Thank you, thank you, I'll be here all decade.  Please tip your veal and try the waitresees.
Thank you, thank you, I'll be here all decade. Please tip your veal and try the waitresees.

I have a confession for you before I continue--until last year, I didn't give two hoots about recruiting, and quite frankly, even less about the Spring Game. I was always of the opinion that whoever OSU got, Jim Tressel and company would 'coach 'em up', OSU would be very good to great, and the Spring Game? Well, it was about 6 steps below NFL OTA's, somewhere between a root canal and watching a WNBA game.

I'd watched snippets of spring games past, and I watched last year's more out of morbid curiosity than anything else, what with everything that was going on at that time, but for the most part, the college off-season was a black and empty void.

Much like the soul of Brady Hoke.

That all changed with Urban F. Meyer. And once Meyer hit the ground running and closed with a stunning recruiting class, I jumped in with both feet. So yesterday, I tuned in with genuine excitement, wondering what I'd see.

And I can honestly say, I was never so fired up watching the opening of the game practice with the Bullring. I hadn't really seen one since I played in high school, and was it me, or was everyone--the team, the crowd, the announcers--really geeked up about it?

I mean, we talkin' 'bout practice, man.

Braxton Miller v. Kenny Guiton? Really? Really. And it...was...awesome.

Some thoughts, after the jump.

Okay, I wasn't an Urban Meyer fan when he was at Florida, and I think almost all of us thought that way. But now that he's home, coaching the Bucks, I love him. I love his intensity, I love his atmosphere of competition, and I love how he is going to always be on the attack, on both sides of the ball.

I don't say this as a diss on Jim Tressel. Tressel's style couldn't have been more different, but it was hard to argue results. I have to say I sort of feel guilty feeling so good about the program under Meyer, while sort of kicking the Tressel era to the curb so nonchalantly.

And I'm not sure how to reconcile those feelings.

Even after everything that's gone down with Tatgate, I still have a hard time just stepping over the body of work from the last decade and moving on, almost as if it didn't happen. And technically, one season didn't. But between you and me, I still have the Sugar Bowl saved on my DVR, so screw 'em. Granted, there was a requirement to move on, and I think it was easier with the 6-7 bag of ass we had to sit through on top of all the other crap that happened.

But still, something didn't feel right to me in moving on so quickly.

And nothing swept all that tattoo crap, the SI hit job piece by Dohrman, and Gene Smith's incompetence (really, WHY does he still have a job??) away faster than the hiring of Urban Meyer. Meyer was the tonic that ailed us, and we've all drank from the fountain.
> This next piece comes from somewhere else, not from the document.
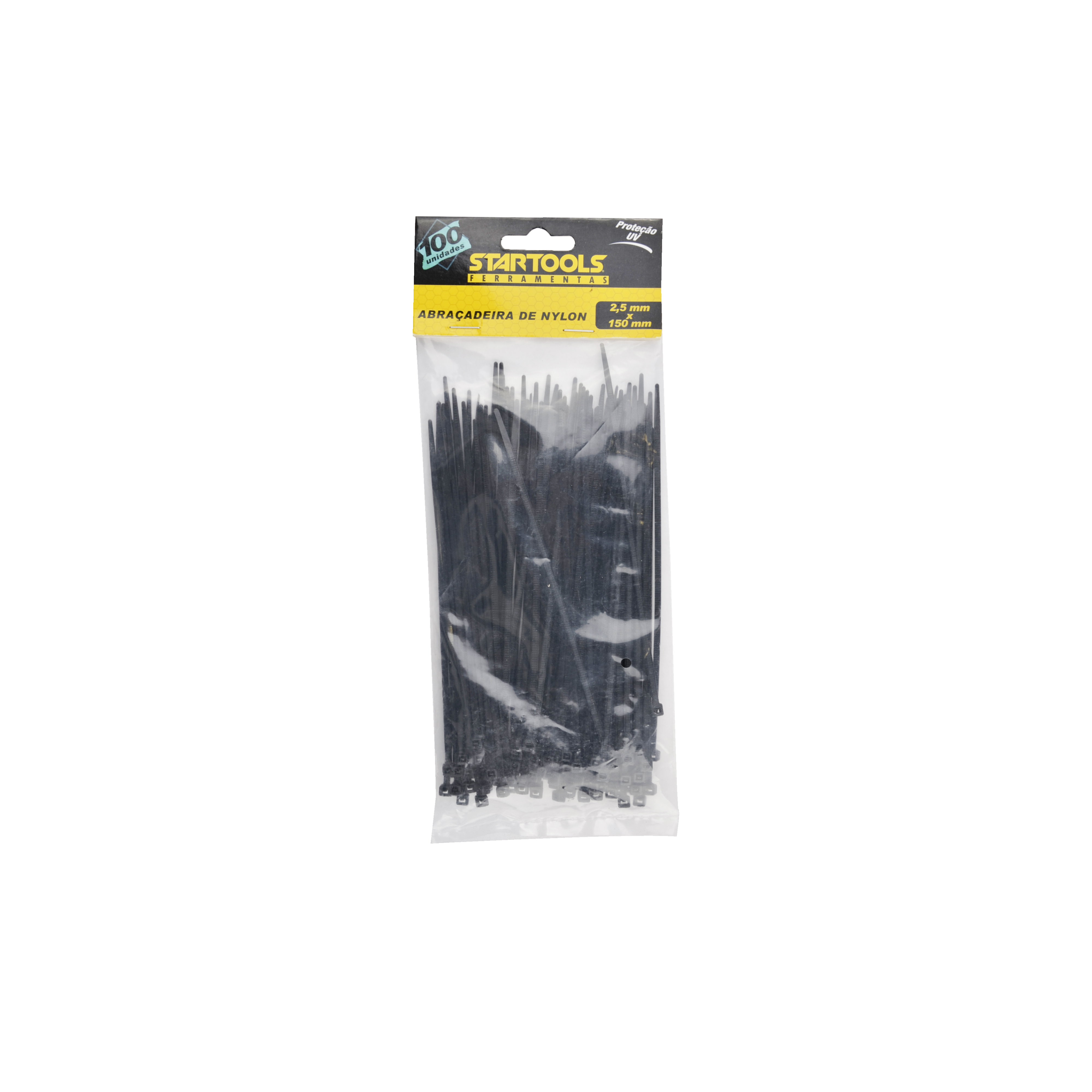 Abraçadeira Nylon Preta 2,5mmx150mm Pacote C/100un Startools

Because let's face it, Meyer has a hell of a long way to go to match or surpass Tressel's record---but other than maybe one or two coaches in America, he's very capable of doing it.
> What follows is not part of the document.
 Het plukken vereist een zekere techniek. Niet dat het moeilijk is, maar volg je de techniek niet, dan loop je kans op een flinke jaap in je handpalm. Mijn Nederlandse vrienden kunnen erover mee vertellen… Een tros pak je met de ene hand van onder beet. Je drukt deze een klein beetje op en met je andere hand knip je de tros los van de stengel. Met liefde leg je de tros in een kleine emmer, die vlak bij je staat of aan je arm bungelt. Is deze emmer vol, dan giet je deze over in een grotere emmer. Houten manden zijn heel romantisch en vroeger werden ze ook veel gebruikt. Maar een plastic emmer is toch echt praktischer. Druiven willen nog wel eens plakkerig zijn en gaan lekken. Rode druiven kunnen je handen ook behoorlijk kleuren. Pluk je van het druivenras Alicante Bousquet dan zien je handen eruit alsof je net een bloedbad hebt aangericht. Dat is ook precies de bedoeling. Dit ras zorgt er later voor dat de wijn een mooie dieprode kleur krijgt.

And that's part of the draw to Meyer. Championship-caliber coach, an Ohio guy that reveres the program history, and there's a reasonable expectation that he can take Ohio State football to levels that even Jim Tressel couldn't.

So how then, do we embrace the bright future that Meyer seems to promise without forgetting about everything good that happened under Tressel?

I don't have the answer, mind you, I'm just asking the question.

Am I the only guy that feels this way?